It’s just an entirely different world. It’s all about PR, it’s all about CYA, and it’s all about, as [Angelides] said in the beginning, it’s somebody else’s problem. And that’s what’s so frustrating to the American people. They just want to know, what did the truck look like that ran over them?

Thomas also observed:

You want something in common with that period or any other period when there was a bubble? It’s simple. Arrogance. Avarice. A failure to even think for a second about the long-term consequences, so focused on an individual in terms of the aggrandizement of that individual. Those are historical things that are present in any bubble, including what happened in the ‘30s, what happened today and what happened in dot-com. The difference is the complete integration of the international financial system so that cities in Norway go bankrupt because they held some Triple-A stuff that was backed by mortgages. That is completely different from what it had been in the past.

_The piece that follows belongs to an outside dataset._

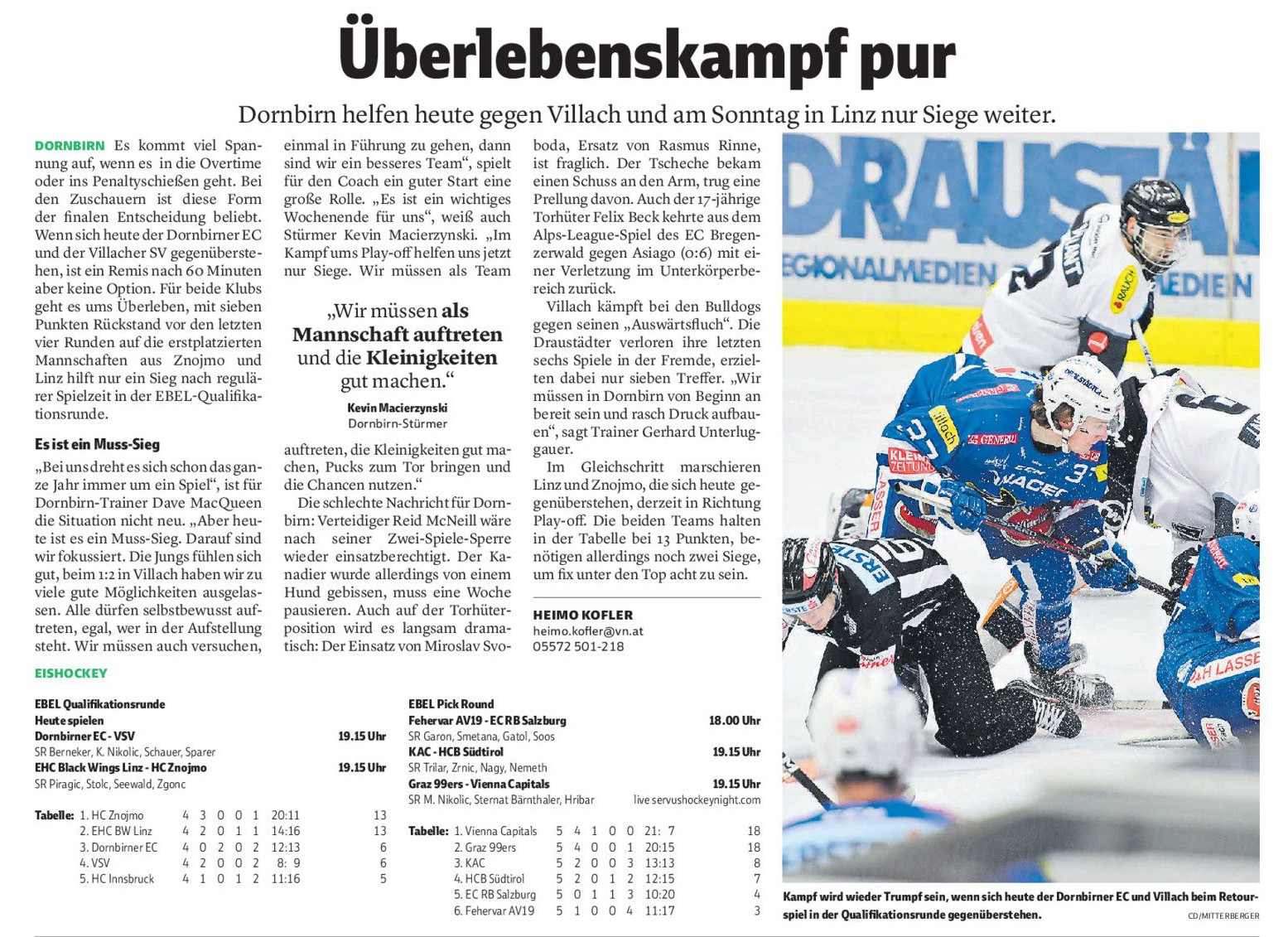 Wenn die Entscheidung bezüglich EBEL-Aufnahme der VEU aber erst im Mai fällt vermute ich, dass er demnächst nochmals für eine Saison in Dornbirn unterschreibt. Kevin sollte kommende Saison auf jeden Fall in der EBEL auflaufen.

Congress is likely to finish work on a new set of financial-industry rules long before the commission’s report reaches the printer. Nevertheless, Angelides and Thomas said they expected their research to influence how Congress deals with such unresolved issues as the fate of Fannie Mae and Freddie Mac, as well as how federal agencies write future regulations. Said Angelides:

One sweep of the pen does not change the system. Every piece of that legislation is going to have to be implemented and enforced by regulators. What’s still an open question is, will the regulators have the knowledge, the capacity, the resources, the will to make the changes that need to be made? Will the market participants begin to behave in a different way? I believe our report, our examination of what happened, will be an important piece of work for not only the American people, Congress, but also the people who are charged with enforcing or implementing hopefully a new system of regulation that works better. The second point, though, there are a lot of pieces that are yet undone, and a lot of pieces where the debate hasn’t even fully ripened.... I suspect in many respects the debate will continue.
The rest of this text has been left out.